Сарай был широкий, холодный, с длинными розовыми щелями в стенах, пахло лесом. Они принялись крушить поленья. Сложив их, бодро двинулись в дом. Эта работа, обещание сводить на охоту, а может, все, вместе взятое, сняли у Алексея ощущение раздавленности, возникшее от своего несовершенства. Он решил, что если ничего не сумеет написать за время деревенского житья, то отрастит бороду. Может, она у него будет окладистая, богатая, а может, приятная и аккуратная, как у чеховского интеллигента.
Теперь Алексей сидел один в гулком доме, и только Валет сочувствовал ему.
Алексей брал томик Пушкина. Ах, как понятен был ему теперь юный Александр Сергеевич. Он ведь тоже тосковал
в глуши, изнывая от одиночества. И вдруг она… Умная, прекрасная. Конечно, такая встреча — чудное мгновение. Конечно, гений чистой красоты! Плакать хотелось. А Пущин прикатил на тройке с колокольчиком в тоскливую глухомань!Алексею казалось, что от него навсегда отошли друзья. Умерла Линочка, надолго уехал Гарька, забыли его Костя Колотвин и Градов, а ведь обещали навестить.
После обеда Алексей сердито натянул пальто, надо пройтись. Морозный снег скрипел с провизгом. Обрадованный Валет носился вдоль улицы. На наличники домов загнала вьюга снежных горностаев, песцов и каких-то вовсе неведомых зверей. Они умудрились залезть на ветви деревьев, провода, переплеты рам.

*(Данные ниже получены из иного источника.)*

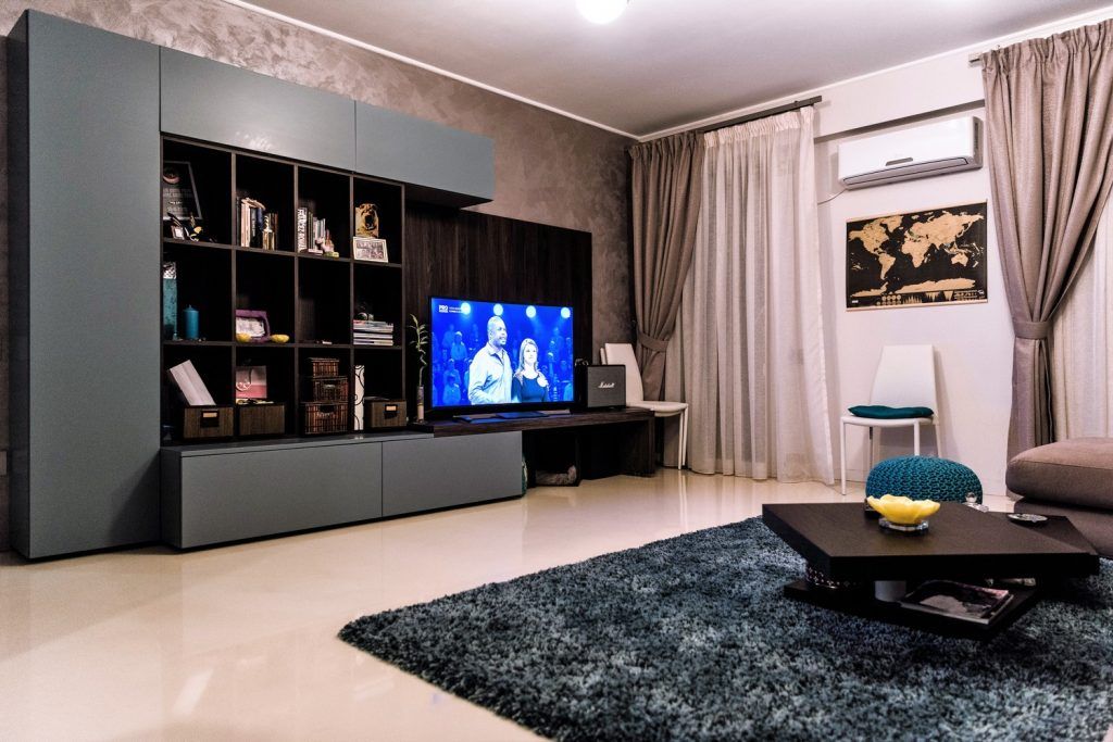 Decorul livingului urmeaza o linie minimalista, cu accent pe functionalitate. O canapea confortabila, tip coltar, o masuta de cafea si un corp de biblioteca cu spatii variate de depozitare compun o amenajare aerisita a camerei de zi.

Алексей надел темные очки, чтобы белизна не слепила глаза, а больше, пожалуй, для того, чтобы не снизить высокое мнение о себе у ложкарских жителей. Вон они из-за гераней через окна провожают его взглядами.
Заложив руки за спину, Алексей останавливался: солидный, думающий свою умную думу человек.

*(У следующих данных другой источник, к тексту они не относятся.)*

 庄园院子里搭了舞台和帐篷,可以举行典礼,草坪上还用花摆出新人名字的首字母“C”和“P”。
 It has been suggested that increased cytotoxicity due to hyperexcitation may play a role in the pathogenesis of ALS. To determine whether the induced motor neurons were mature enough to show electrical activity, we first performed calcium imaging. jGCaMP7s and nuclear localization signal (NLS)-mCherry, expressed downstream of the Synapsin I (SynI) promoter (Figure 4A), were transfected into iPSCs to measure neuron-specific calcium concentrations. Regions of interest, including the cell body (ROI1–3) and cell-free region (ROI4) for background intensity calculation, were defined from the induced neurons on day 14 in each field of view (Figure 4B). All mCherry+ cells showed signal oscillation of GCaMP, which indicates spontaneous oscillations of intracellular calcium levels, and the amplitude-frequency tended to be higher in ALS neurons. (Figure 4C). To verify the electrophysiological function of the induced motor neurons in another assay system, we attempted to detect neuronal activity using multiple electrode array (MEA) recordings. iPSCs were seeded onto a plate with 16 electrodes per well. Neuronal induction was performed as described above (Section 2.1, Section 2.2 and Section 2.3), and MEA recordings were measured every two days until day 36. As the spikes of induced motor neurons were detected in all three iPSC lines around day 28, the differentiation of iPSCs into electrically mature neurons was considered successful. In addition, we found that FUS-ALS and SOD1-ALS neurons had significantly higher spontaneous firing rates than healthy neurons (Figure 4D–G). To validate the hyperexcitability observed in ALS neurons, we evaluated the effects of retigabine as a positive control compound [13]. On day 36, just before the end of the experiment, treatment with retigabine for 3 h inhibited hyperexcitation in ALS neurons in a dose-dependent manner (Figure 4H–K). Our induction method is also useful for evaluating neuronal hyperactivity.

Навстречу торопливо шли, стуча стылыми сапогами, две женщины в белесых, пахнущих силосом, телогрейках. Одна, большеротая, шагала вприпрыжку. Неужели Галька Вотинцева? Постарела. Миновав его, Галька оглянулась на Алексея, и он взглянул на нее. Какая уж Галька, женщина под тридцать — Галина. Надо бы помахать рукой, остановиться и поговорить, а он прошел мимо и ничего не сказал. Может, это не Галина? Как же не Галина? Она!
Алексей вспомнил, как голенастая непоседа Галька вытащила его в Карюшкине на затравеневший лужок. Тут все было усыпано пушистыми звездочками одуванчиков. Сверкая лукавыми глазами, Галька таинственно зашептала, что если стебелек одуванчика разделить на конце на три или четыре волоконца и сунуть в рот да протащить несколько раз через сжатые губы, волоконца закудрявятся. Тогда надо прошептать заветное свое желание: «Бабка, бабка, свей мне кудри» — и кудри на голове завьются.
Галька божилась, что у нее надо лбом завились кудри единственно из-за этого. Леха рвал одуванчики, совал сладковато-горькие стебли в рот и про себя повторял Галькин наговор:
— Бабка, бабка, свей мне кудри!
Галька смотрела на него своими удивленными глазами. Веснушчатое ее лицо светилось, и Лехе чудилось в Галькиных глазах восхищение его завившимися кудрями.
А теперь вот он не узнал ее. Алексей покраснел от мысли, что в родные места вернулся чужаком, этаким иностранцем в черных очках.
Жалкий, никчемный бездельник, выдающий себя за умного, занятого человека. Отвращение к себе вползло в душу и отравило ее. Алексей стыдливо снял темные очки и сунул в карман. Через светлые мир был понятнее и ближе.
По улице тянуло сладковатым печным дымком, который лениво стекал в луговину. Там, в сараюшке, прилепившейся к березнику, тонко и протяжно пело железо, туда понесся одуревший от свободы Валет, и Алексей по заплывшим следам двинулся за ним. Тягучий звон все нарастал, и вот уже забил уши. В полутемную с закоптелыми стенами кузню Алексей заглянул вовсе оглохший.
Там истово колотил по мягкому малиновому шкворню, загибая его в петлю, Ваня Помазкин. Алексей залюбовался его уверенными и свободными взмахами. Вот, наверное, о таких говорят: работает играючи. Ваня распрямился и, увидев Алексея, белозубо улыбнулся. Алексей поднес нахолодавшие руки к малиновым раскаленным бокам печурки, сделанной из железной бочки. Шумел в трубе огонь, и было здесь уютно.